This post was sent in to us from a former California resident/ current New Jersey resident who sees the value in California’s lax marijuana laws. We just had to share:
When I left California and returned to my home state of New Jersey to pursue nursing school over a year ago, I kept hearing something repeatedly within the local medical cannabis movement, referring to a small subculture that most of us found annoying anyway, the dreaded “Stoner Stereotype”. Everyone kept saying, “California is The Wild West!” and “We don’t want to end up like California.”
As someone who spent three years working in a reputable dispensary run by a licensed Pharmacist, I must now ask, “Why not?”
Why don’t we want to be like California? Don’t we want to save multiple lives, make it easier for patients to have access to medication that is non-toxic and safe, and prevent those patients from being arrested? All while creating legitimate jobs and generating millions in tax revenue. Because, I can assure you, that is exactly what is happening in California.
Yes, annoying ads exist in some of the local papers perpetuating the “stoner stereotype”. But try to remember, cannabis is not plutonium.
Yet, irrational fears that people who “are not really sick” will have access to cannabis, have butchered the implementation of the laws in New Jersey to the point where not one patient here has received medical cannabis legally, even though it was voted into law over a year ago.
This fear reminds me of an incident at the California dispensary where I worked. A young man who appeared very healthy came into the dispensary. He had cleared the check-in process at the front desk, which meant he was a legal patient under California State Law. He was about 25-years-old, 5’11, Caucasian, and wearing a baseball hat. He was neither underweight nor overweight, walked with a normal gait, and spoke clearly. I couldn’t help judging. By the looks of him, he did not seem sick to me. However, in the State of California, that is up to the physician to decide. The same as it is in any local pharmacy such as Walgreen’s or CVS; it is the pharmacist’s job to dispense the medicine properly, not to make diagnoses.
The young man began to engage in some small talk with me. I don’t even remember what he said initially that led him to “...and that’s when I was diagnosed with cancer”. I was startled. He looked so healthy. He removed his baseball hat to reveal a totally bald head.
A large lump protruded from it surrounded by Frankenstein-like stitches. “This is where the first chemotherapy port is”, he stated, pointing to the lump. He lifted up his shirt to reveal yet another lump on his chest where another chemotherapy port had been implanted.
I realized that the fact that this young man had cancer and was in the process undergoing chemotherapy, and yet appeared so healthy, was a testament as to just how well the cannabis (and the California State
Laws) worked! This was not an isolated incident.
Deciding who should have access to medical cannabis should be between the physician and the patient. Yes, in California, a lot of people use “insomnia” as a diagnosis to obtain cannabis. So what? Consider the federally legal prescription alternatives: Ambien and Xanax.
Benzodiazepine dependence and withdrawals are a serious and life-threatening health issue. The worst side effects for a medical cannabis user are the munchies and an obsession with Bob Marley.
The only thing we did find “wild” or “rogue” in California was the behavior of the DEA on January 17, 2007 when they raided nearly a dozen dispensaries, descending from helicopters in full combat year, breaking down doors and pointing semi-automatic weapons at the heads of cancer and MS patients. No, they weren’t just busting “illegitimate operations”. They destroyed legitimate treatment facilities who were in the process of serving patients.

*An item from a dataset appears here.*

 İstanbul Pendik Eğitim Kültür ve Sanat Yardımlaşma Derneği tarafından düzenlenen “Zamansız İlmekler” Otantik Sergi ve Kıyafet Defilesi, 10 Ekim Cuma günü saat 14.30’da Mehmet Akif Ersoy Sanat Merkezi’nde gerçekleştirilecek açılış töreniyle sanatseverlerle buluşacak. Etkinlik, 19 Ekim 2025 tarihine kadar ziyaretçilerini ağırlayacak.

While those of us who worked with legitimate patients also found those who were perpetuating the “stoner” image to be annoying, and at worst “bad for the image of the medical cannabis movement”, the danger in it really did stop there. It is the lesser of two evils to make it easier for people to obtain medical cannabis in order to ensure those who need it are obtaining in a safe atmosphere. Especially when one takes into consideration that drugs far more dangerous and addictive, such as Oxycontin or Valium, are not nearly as strictly regulated.
Making sure patients have safe access to medicine under the care and supervision of a licensed physician far outweighs the risks of one so-called “stoner” accessing cannabis and eating too much pizza in his tie-dye. Medical Cannabis patients are as tired of being compared to stoners as much as New Jersey residents are tired of being compared to those on “The Jersey Shore”.
There isn’t an excuse good enough to continue to treat patients like criminals, which the New Jersey Department of Health and Senior Services’ regulations are doing.
I’d rather we were more “like California”.